Township and Highland project representatives have been discussing the proposed project for about four years but after voters removed the entire town board in a recall election and the new board moved to rescind the previous wind farm agreements, claiming that previous meetings related to the Highland Wind Project were improperly noticed and failed to meet state laws guidelines for open meetings, Emerging Energies LLC filed a $25 million claim against the town for backing out of agreements and permits.

Emerging Energies subsequently revisited its plan and upsized the proposal, prompting oversight for the project to move from local governance to the Wisconsin Public Service Commission.

Last week, Emerging Energies received correspondence from the PSC that its application needs further details before the commission will take it under consideration. The PSC asked for clarification or additional information on 60 different items.

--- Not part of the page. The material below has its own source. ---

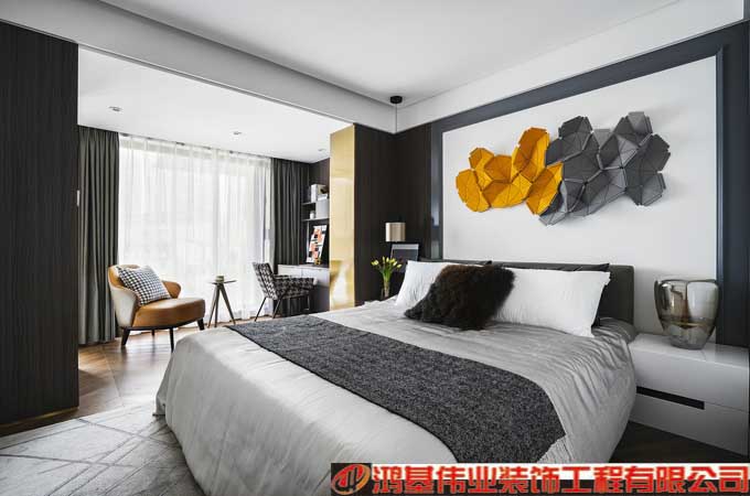 臥室延續(xù)輕奢基調(diào),以木質(zhì)材料和金屬的碰撞營造空間的藝術(shù)感和精致感,并以淺色柔軟的床品營造靜謐、舒適的氛圍,讓居者負重前行的身體與靈魂得到徹底地放松。
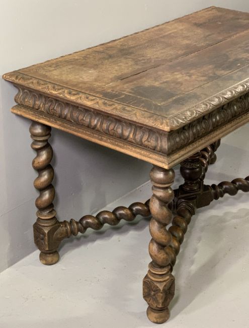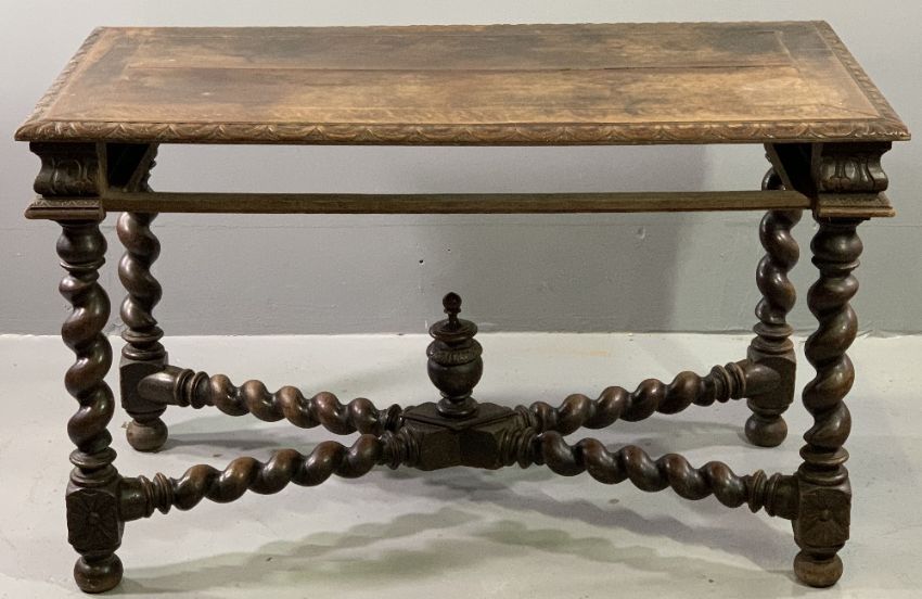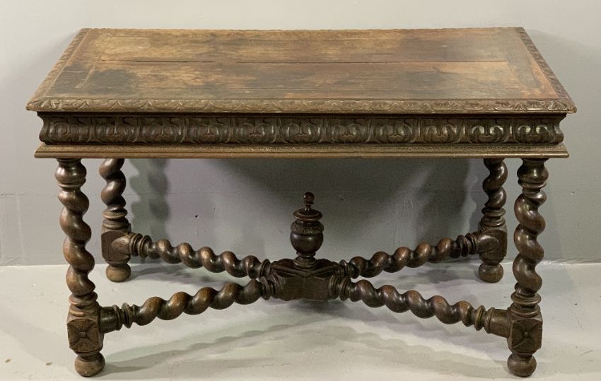 JACOBEAN STYLE OAK LIBRARY TABLE with carved edge and frieze detail, on barley twist supports with urn capped cross-stretcher (lacking single frieze drawer), 72cms H, 120cms W, 65cms D

Mundinger told the New Richmond News the company is working to answer the questions and file the completed 1,800-page application within the next month.

"We are on track and I believe we'll have a resubmittal," he said.

Jamie Junker, current Forest town chairman, told the News if Emerging Energies would follow the town's recently adopted rules, there would be no reason for local residents to object to the plans. He did admit, however, that following the township rules would require a significant change in the Highland Wind Project's plans.

Junker said he wouldn't comment at length about the project, but referred to the town board's continuing efforts to protect the community from development that would change the face of Forest forever.

"It's a big issue," he said. "Clearly most of the residents of the town aren't happy with the project."

Junker said the wind licensing ordinance that the board adopted would provide the protection and safeguards that most people want, like regulations on turbine setbacks, noise levels and "shadow flicker."

The PSC will invite public comment on the project once it deems the application complete.

The application has been posted to the PSC's website: psc.wi.gov. The HWF docket number: 2535-CE-100.

The Highland group also launched a new web site -- www.highlandwindpower.com-- which carries more information about the project.